Серая река утекает за край земли, серая птица летит по серому небу.

Гостиница

Луна была полной. Летели дырявые облака. В парке ухала праздничная дискотека. Над Булыжной площадью качался почётный гражданин, и тень его ходила по площади, как маятником Фуко. У вечного огня грелась старуха и двигала языками пламени.

Из парка вышла девочка.

– Если я мало выпью, я буду плакать. Если много выпью – буду танцевать, – сказала она и пнула стёклышко, а окна двухэтажного роддома за ее спиной казались большими электрическими крыльями.

В этом доме я родился.

Шёл снег, снежные хлопья ложились на подоконник и с лёгким ветром улетали вверх. Мама говорит, что это её утешало.

– Здравствуй.

Груша, легко прошла сквозь – не мимо меня, повернулась, пока был ослеплён.

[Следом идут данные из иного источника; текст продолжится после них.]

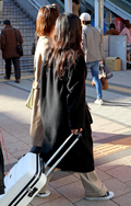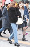 新宿ではリブニットのパンツが増えていた。12月でも素足にサン...

Комната была похожа на комнату, в которой ощипали жар-птицу.

Кружились перья, золотые стрелы и плоскости били в щели рассохшихся ставен, лежали на стенах, на скомканной простыне и синей обложке книги.

«On ne peut fxer le soleil qui resplendit dans les cieux, Lorsqu’un vent passe et en ramène la pureté», – библия на французском, стандартная комната стандартной фабричной гостиницы: железный крест, тумбочка, ночной горшок под кроватью, дверь с жестяной накладкой там, где ломали замок, картинки на стенах.

По выбору ли профкома, видавшей ли виды хозяйки гостиницы, которая мне представилась непременно с самыми красными, какие только можно достать, губами и жёлто-белой, в метр высотой, ложной причёской; по выбору ли сумасшедшей коридорной старухи, рисующей по ночам собственные кошмары: мужик, подпоясанный бельевой верёвкой, тащит из снежного леса полудохлого дракона (старая чёрно-белая фотография), осенние берёзки Левитана на кнопках (вырезка из «Огонька), красный квадрат (мазилка местного гения), и под стеклом – фантазия цветными камешками – крокодил в лисьей шкуре сидит верхом на вздыбленной лошади и смотрит из-под рукавицы вдаль. Судя по звукам – брякнувшиеся на пол ложки, звонкая ругань посудомоек, шарки метлы по асфальту, цок копыт за окнами, шёпот «Груша приехала…», – вокруг шла жизнь, но она тебя (читай – меня) ещё не касается.

Читай – не касалась. Как говорил мой друг, все беды человека происходят потому, что он иногда выходит из своей комнаты. Последний год Саша Титов старался совсем не выходить из дома, а когда его забрали в больницу, умер. Я потом расскажу.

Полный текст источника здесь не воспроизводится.